= Robert Kutner =

German urologist (1867–1913)

Robert Kutner (11 April 1867, Ückermünde – 5 October 1913, Berlin) was a German urologist.

He studied medicine at the universities of Berlin, Kiel and Freiburg and furthered his education in Vienna and Paris. While a student, his influences were Maximilian Nitze in Berlin, Leopold Ritter von Dittel in Vienna and Jean Casimir Félix Guyon in Paris. In 1891, he received his medical doctorate, and shortly afterwards, he settled in Berlin as a specialist of urinary diseases. In 1902, he obtained the title of professor. Kutner was among the first to use photography to acquire a visual record of internal body cavities.

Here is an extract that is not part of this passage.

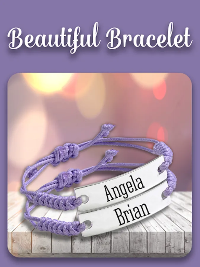 Fantasy name generator app, beautiful stylish name on bracelet with love! With more than 90 backgrounds available, can help you have awesome name on pics photos. If you don't like available backgrounds, Stylish Name Maker app allows you choose new backgrounds from your gallery and write name on this. Save the fantasy name image with stylish background and share on social networks with just one click

Along with Ernst von Bergmann, he is regarded as one of the founders of the medical training system in Germany. He was devoted to the development of medical postgraduate education in Germany, and in 1906 was named director of the Kaiserin Friedrich-Haus for medical postgraduate study. In 1904, with Bergmann and hygienist Martin Kirchner, he founded the publication Zeitschrift für ärztliche Fortbildung ("Journal of Medical Education").

==Selected works==
- Über Photographie innerer Körperhöhlen, insbesondere der Harnblase und des Magens, Berlin, 1891 - On photography of internal body cavities, in particular, the urinary bladder and the stomach.
- Technik und praktische Bedeutung der Asepsis bei der Behandlung der Harnleiden, 1897 - Technique and practical importance of asepsis in the treatment of the urinary tract.
- Die instrumentelle Behandlung der Harnleiden, mit besonderer Berückichtigung der Technik des Katheterismus, 1898 - Instrumental treatment of the urinary tract, with special attention given to the technique of catheterization.